### Prompt
Drop all images. Then write out each line below exactly as given.

### Recorded information
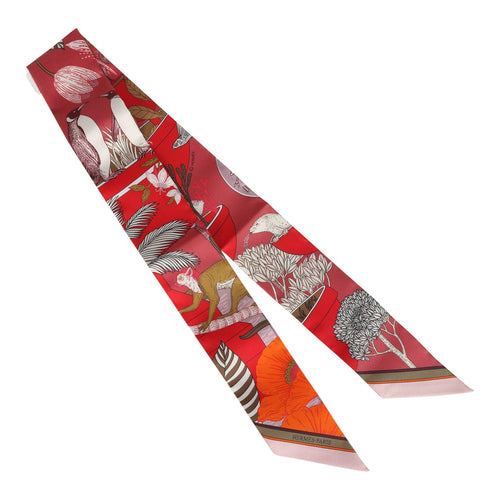 Hermes "Precious Paradise" Rouge Multi Silk Twilly
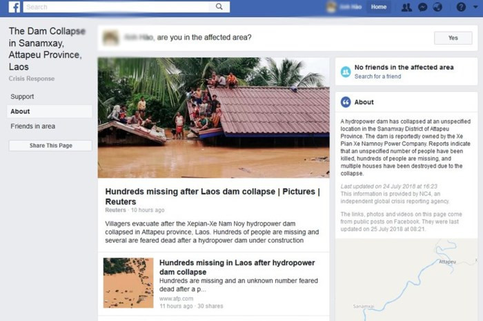 Hiện nay Facebook đã kích hoạt Safety Check cho trận vỡ đập ở Lào, và trang theo dõi thảm họa này mang tên "The Dam Collapse in Sanamxay, Attapeu Province, Laos" là ở đây.
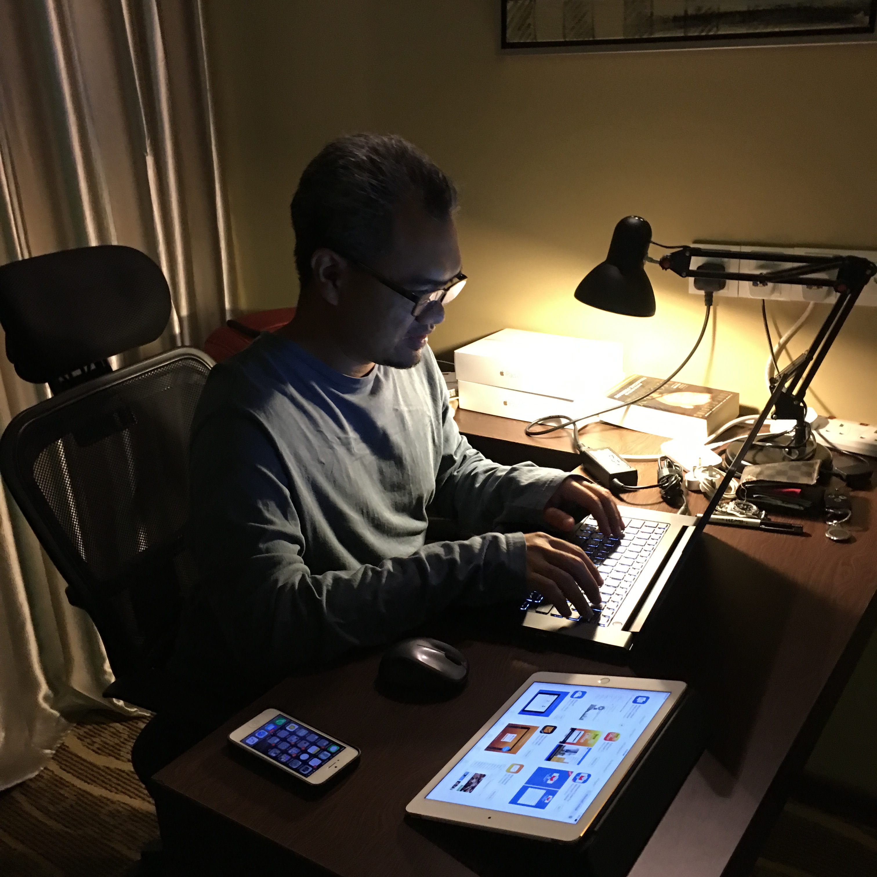 It was 4am and he was still working. Only managed to keep him company for additional 10 minutes before I finally dozed off.
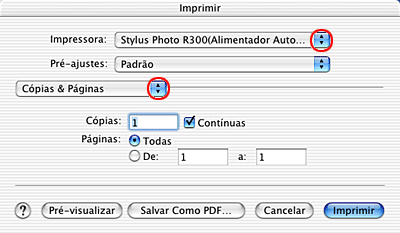 Seleccione Stylus Photo R300 (Alimentador - Sem margens) para a definição de impressão e, em seguida, efectue as definições Cópias & Páginas.

### Answer to the problem
 Hermes "Precious Paradise" Rouge Multi Silk Twilly
 Hiện nay Facebook đã kích hoạt Safety Check cho trận vỡ đập ở Lào, và trang theo dõi thảm họa này mang tên "The Dam Collapse in Sanamxay, Attapeu Province, Laos" là ở đây.
 It was 4am and he was still working. Only managed to keep him company for additional 10 minutes before I finally dozed off.
 Seleccione Stylus Photo R300 (Alimentador - Sem margens) para a definição de impressão e, em seguida, efectue as definições Cópias & Páginas.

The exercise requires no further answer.